Contrario -pero a la vez muy fiel- al estilo al que nos tiene acostumbrados, el cineasta británico se pasa a la comedia, buscando repetir los buenos resultados encontrados en 'Buscando a Eric', para presentarnos a una panda de delincuentes de poca -poquísima- monta que, por los designios judiciales, se une y compacta a lo largo de diversas sesiones de trabajos para la comunidad. Velando por el bien de todos ellos está una figura a simple vista agresiva pero inmediatamente después de trato amable y sin lugar a dudas entrañable. Dicho hombre responde al nombre de Harry, y no tardará en erigirse en figura paterna de esos parias sociales con un pasado oscuro. Especialmente tenebroso es el del protagonista de la función, Robbie, principal responsable de la aparición del peor toque Loach, donde se reconocen de la manera más descarada las tragedias marca de la casa.
Broncas subidísimas de tono, violencia hooligan, problemas financieros, demasiadas visitas al hospital... Back to classics. Pero por suerte el cielo se le abre cuando el nuevo mentor del gamberro en cuestión le introduce en el fascinante y complejo mundo del whisky. La sorpresa estalla cuando este joven desgraciado de Glasgow resulta tener un olfato prodigioso para la materia. Sin clases previas, sin haber abierto en su vida un maldito libro, mucho menos uno que hable sobre ese prodigioso néctar dorado-anaranjado, el protagonista se descubre como un consumado maestro etílico. La solución a todos los problemas resulta que a veces sí se halla en el fondo del vaso, o más concretamente, en una barrica que contiene un tesoro de valor incalculable y que deberá ser robada echando mano de unas habilidades rateras que también se manifiestan como por generación espontánea.
Deambulando con faldas escocesas por su conocida clase obrera brit, Loach hace el amago de masacrarnos por enésima vez con dramones relacionados con drogas, deudas de juego y otras sordideces. El dibujo de dicho panorama existe, pero afortunadamente no llega a concretarse nunca, en pos de una comedia tan inverosímil como -y ahí está el qué- con capacidad para conectar con el gran público. La autocomplacencia del guión, rebosante de lagunas calculadamente dispuestas (típico del también sobrevalorado Paul Laverty), asusta, pero no resta poder cómico a una panda cuya efectividad en estas labores es innegable de la primera (cómica y lograda declaración de intenciones) a la última escena, incluido uno de los mejores -por cura en su construcción- gags del año.
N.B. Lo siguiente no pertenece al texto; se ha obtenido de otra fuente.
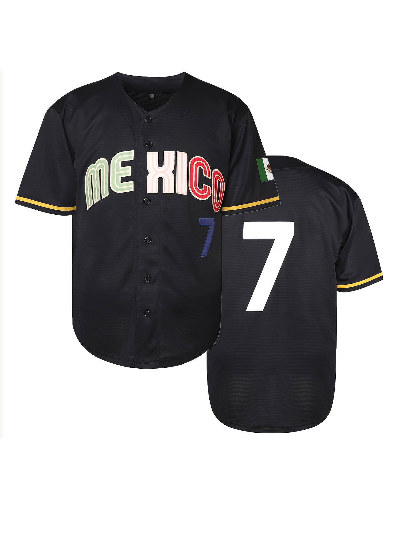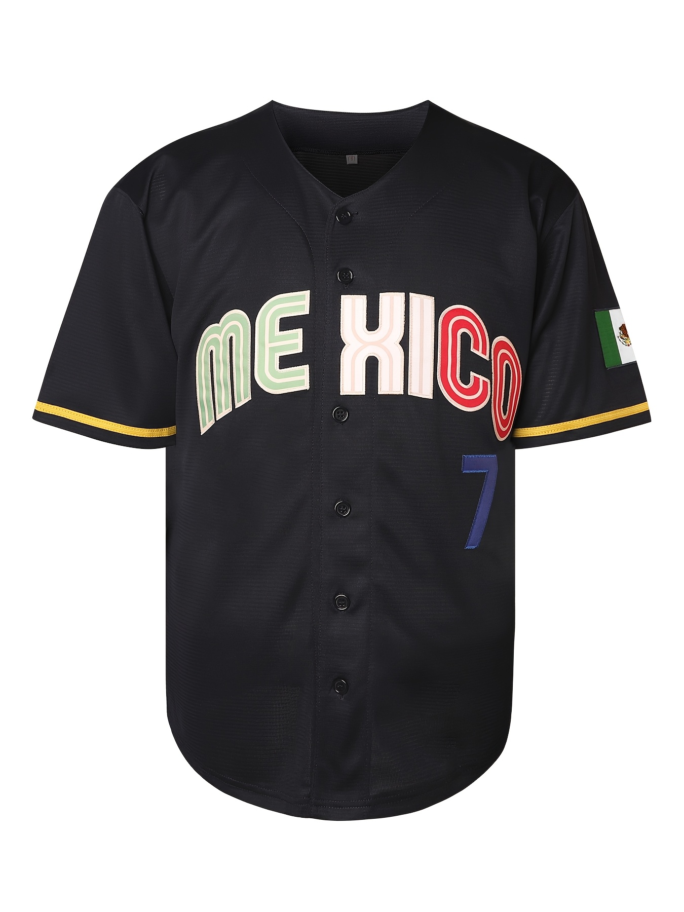 Men's #7 Mexico Baseball Jersey - V-Neck, Embroidered Name & Number, Loose Fit, Polyester, Black with Colorful Stripes, Perfect for Sports, Parties & Casual Wear

Así, a base de chistes groseros pero bien contextualizados, avanza una película tan endeble frente a cualquier repaso mínimamente riguroso, como impenetrable a la hora de arrancar sonrisas en el patio de butacas. Aceptamos pues la parte cómica de este incombustible cineasta (encantadora pero nada angelical), que no se evapora y permanece en el patio de butacas, donde debe estar. Porque en tiempos de crisis también es lícito -incluso sí, necesario- permitir que las risas destensen el irrespirable ambiente.